Nk_names (Optional[List[str]], optional) – A list of demographic group names. If not provided, a default list of indices is generated. Defaults to None.
- Returns:
None
- property layers: List[str]
Available contact matrix layers.
- Returns:
Names of available contact layers (e.g., [‘home’, ‘work’, ‘school’])
- Return type:
List[str]
- property mean_contacts: Dict[str, float]
Mean number of contacts per person per layer.
- Returns:
Dictionary mapping layer names to mean contacts per person
- Return type:
Dict[str, float]
- property num_groups: int
Number of demographic groups.
- Returns:
Number of demographic groups in the population
- Return type:
int
- property total_contacts: Dict[str, float]
Total number of contacts per layer.
- Returns:
Dictionary mapping layer names to total contacts
- Return type:
Dict[str, float]
- property total_population: float
Total population across all demographic groups.
- Returns:
Sum of population in all demographic groups
- Return type:
float
- epydemix.population.get_available_locations(attribute: str = 'age', data_version: str = 'v1.2.0', level: int | None = None) DataFrame[source]
Returns a list of available locations from the epydemix-data repository.
- Parameters:
attribute (str) – The demographic attribute layer. Defaults to “age”.
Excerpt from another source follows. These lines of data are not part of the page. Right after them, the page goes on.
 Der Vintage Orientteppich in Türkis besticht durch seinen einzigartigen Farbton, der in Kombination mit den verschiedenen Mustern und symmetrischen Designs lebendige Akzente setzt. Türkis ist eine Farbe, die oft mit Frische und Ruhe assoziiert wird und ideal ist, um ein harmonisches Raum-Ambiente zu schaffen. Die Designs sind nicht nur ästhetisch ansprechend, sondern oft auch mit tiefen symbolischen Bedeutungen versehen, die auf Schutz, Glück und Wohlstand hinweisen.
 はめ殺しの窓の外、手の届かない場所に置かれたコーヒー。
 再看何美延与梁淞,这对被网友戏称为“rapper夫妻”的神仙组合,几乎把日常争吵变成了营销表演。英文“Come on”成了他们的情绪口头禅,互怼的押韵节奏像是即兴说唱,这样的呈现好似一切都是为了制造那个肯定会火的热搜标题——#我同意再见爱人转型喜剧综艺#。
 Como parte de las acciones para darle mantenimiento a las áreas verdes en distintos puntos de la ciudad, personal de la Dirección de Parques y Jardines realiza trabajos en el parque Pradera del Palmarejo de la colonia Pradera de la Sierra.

data_version (str) – The git tag/version of the epydemix-data repository. Defaults to “v1.2.0”.
level (Optional[int]) – If provided, filters the result to only rows where the
levelcolumn equals this value. Geographic levels are: 0 = country, 1 = state/province, 2 = county. Silently ignored for data versions that do not include alevelcolumn. Defaults to None (no filter).
- Returns:
A DataFrame containing the list of available locations.
- Return type:
pd.DataFrame
- epydemix.population.load_epydemix_population(population_name: str, contacts_source: str | None = None, path_to_data: str | None = None, layers: List[str] = ['school', 'work', 'home', 'community'], age_group_mapping: Dict[str, List[str]] | None = None, supported_contacts_sources: Dict[str, List[str]] = {'age': ['prem_2017', 'prem_2021', 'mistry_2021', 'litvinova_2025'], 'race_ethnicity': ['litvinova_2025'], 'sex': ['litvinova_2025']}, data_version: str = 'v1.2.0', attribute: str = 'age') Population[source]
Loads population and contact matrix data for a specified population.
- Parameters:
population_name (str) – The name of the population to load.
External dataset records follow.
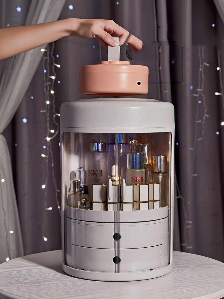Dressing Table Transparent ABS Dressing Case Double Door Round Cosmetic Box Rotating Jewelry Cosmetic Case With Drawer
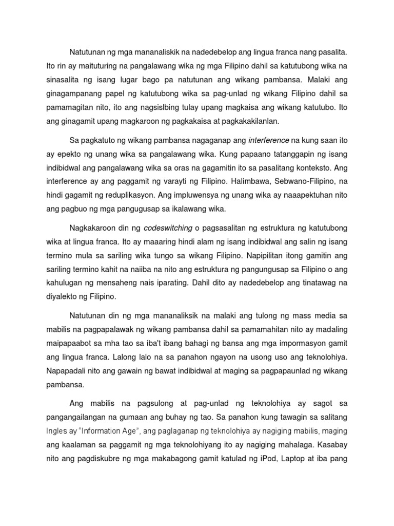 Ang Papel Na Ginagampanan Ng Wikang Filipino Sa Mundo Ng Teknolohiya
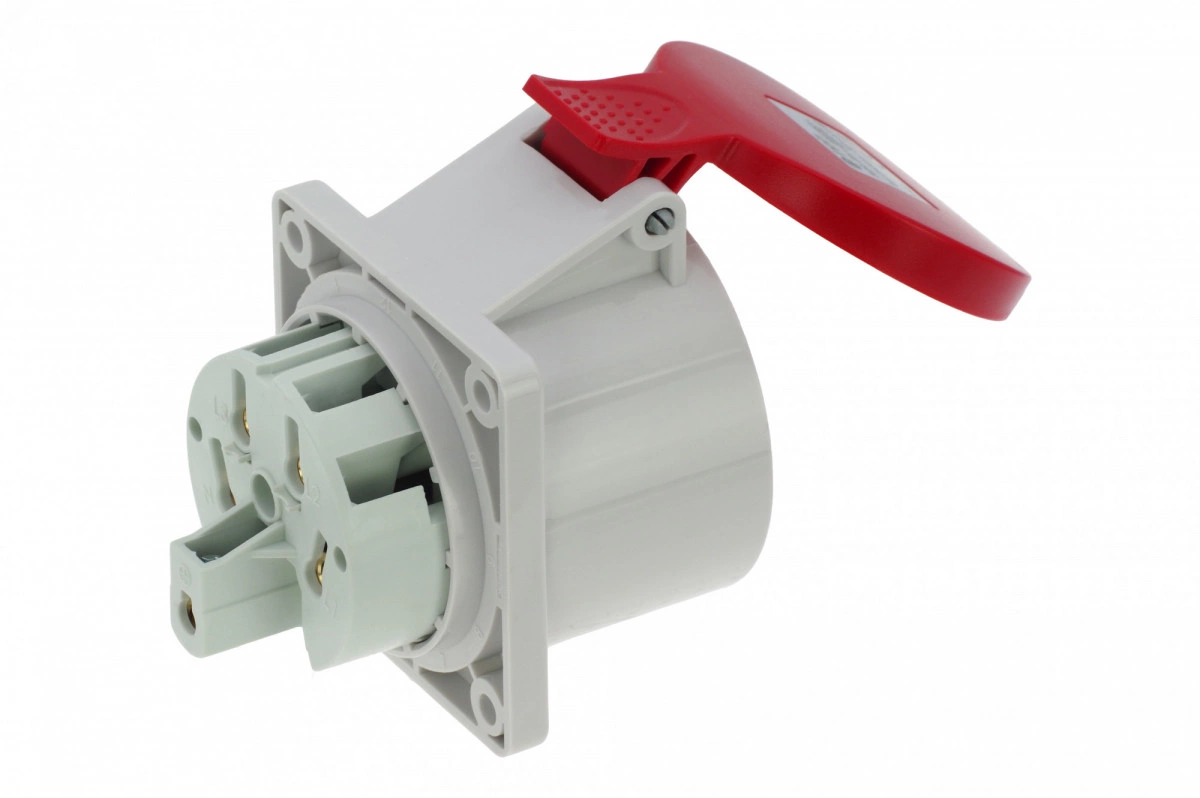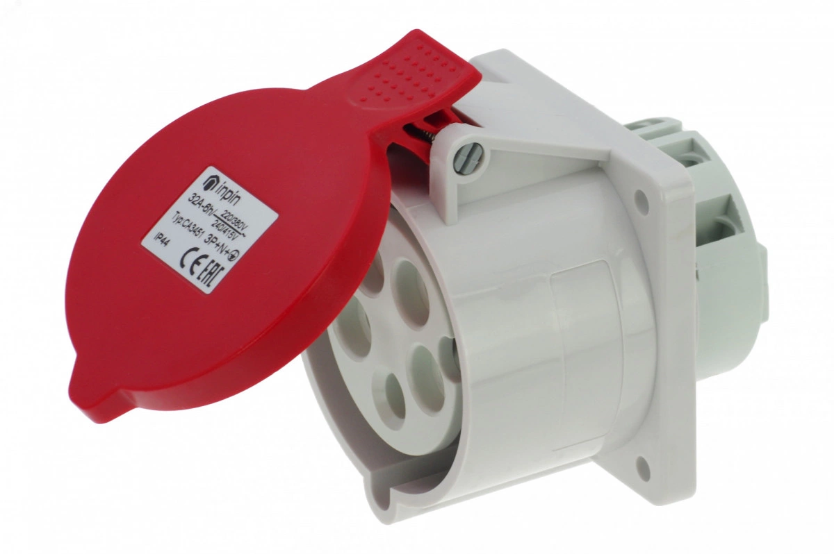 Розетка встраиваемая 32A/400V/3P+N+E/IP44, фланец 75x75, имеет винтовые контакты, выполнены из латуни. Корпус выполнен из полиамида

contacts_source (Optional[str]) – The source of contact matrices. If None, the default source is retrieved.
path_to_data (Optional[str]) – The local path to the data directory. If None, data is fetched from GitHub.
layers (List[str]) – The layers of contact matrices to load.
age_group_mapping (Optional[Dict[str, List[str]]]) – Mapping of age groups. If None, defaults based on contacts_source.
supported_contacts_sources (Dict[str, List[str]]) – Dict mapping attribute names to their supported contact sources.
data_version (str) – The git tag/version of the epydemix-data repository. Defaults to “v1.2.0”.
attribute (str) – The demographic attribute layer. Defaults to “age”.
- Returns:
An instance of the Population class with the loaded data.
- Return type:
- Raises:
ValueError – If any provided value is not valid or if there are issues with the data files.